Belangrijkste concepten
This study proposes a hybrid framework that integrates deep learning and knowledge-based techniques to detect and extract causal relationships from nuclear power plant event reports.
Samenvatting
The study focuses on extracting causal relationships from nuclear licensee event reports (LERs) submitted to the U.S. Nuclear Regulatory Commission. The key highlights and insights are:
Data Preprocessing:
The raw data consisted of 92 LERs related to motor-driven pump failures.
The text was preprocessed to remove unwanted characters, normalize whitespaces, and generate individual sentences.
A dataset of 20,129 records was created, with each record containing a text sample (up to 3 sentences), a label indicating whether it contains a causal relationship, and the identified cause and effect.
Causality Classification:
A deep learning model was developed to classify sentences as either containing a causal relationship or not.

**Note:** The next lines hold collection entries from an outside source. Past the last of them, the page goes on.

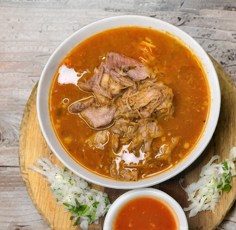 LITRO DE MENUDO, 1 PIEZA DE PAN, CEBOLLA CON CILANTRO Y SALSA
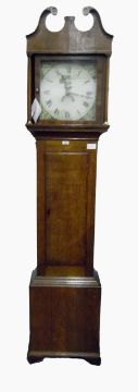 19th Century oak and mahogany longcase clock with swan-neck pediment, floral painted dial, calendar aperture, the hood with pair brass capped columns on bracket feet, 200cms high approx
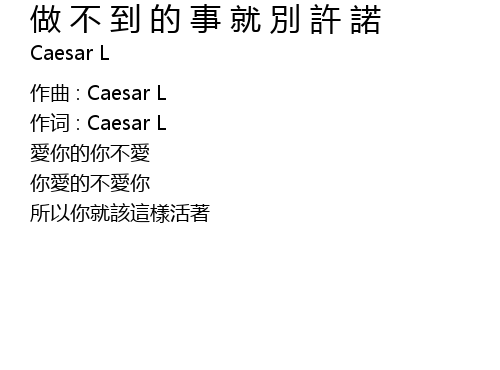 | Song | 做 不 到 的 事 就 別 許 諾 |

The model achieved high average accuracies of 99.7% and 99.1% on the training and test sets, respectively.
The model demonstrated strong performance in detecting causal sentences, with recall ratios of 100% and 91% on the training and test sets.
Cause-Effect Extraction:
A knowledge-based approach was used to extract the specific cause and effect segments from the sentences identified as containing causal relationships.
The algorithm identified and matched the cause and effect segments with a high degree of accuracy, correctly extracting 181 out of 252 cause-effect pairs.
The main challenges were in handling embedded causal sentences, which require further improvement.
Conclusion:
The study presents a comprehensive framework that combines deep learning and knowledge-based techniques to effectively detect and extract causal relationships from nuclear power plant event reports.
The authors plan to expand the text corpus, label more causal samples, and develop advanced language models for improved causality extraction in the future.
Statistieken
The DB-50 supply breaker to Auxiliary Feedwater Pump 21 did not close due to inertial latch binding.
The foam ring had deteriorated causing a piece of the foam to tear loose and be drawn into the suction piping of the "A" MDAFW pump.
The bearing degradation was due to insufficient tolerance in the motor shaft endplay, as set during refurbishment.
A subsequent cause evaluation determined that a similar 2B MDEFW pump trip on February 1, 2021 was also caused by the intermittent poor electrical connection due to the loose shorting screws.
Citaten
"The foam ring had deteriorated causing a piece of the foam to tear loose and be drawn into the suction piping of the 'A' MDAFW pump."
"The bearing degradation was due to insufficient tolerance in the motor shaft endplay, as set during refurbishment."
"A subsequent cause evaluation determined that a similar 2B MDEFW pump trip on February 1, 2021 was also caused by the intermittent poor electrical connection due to the loose shorting screws."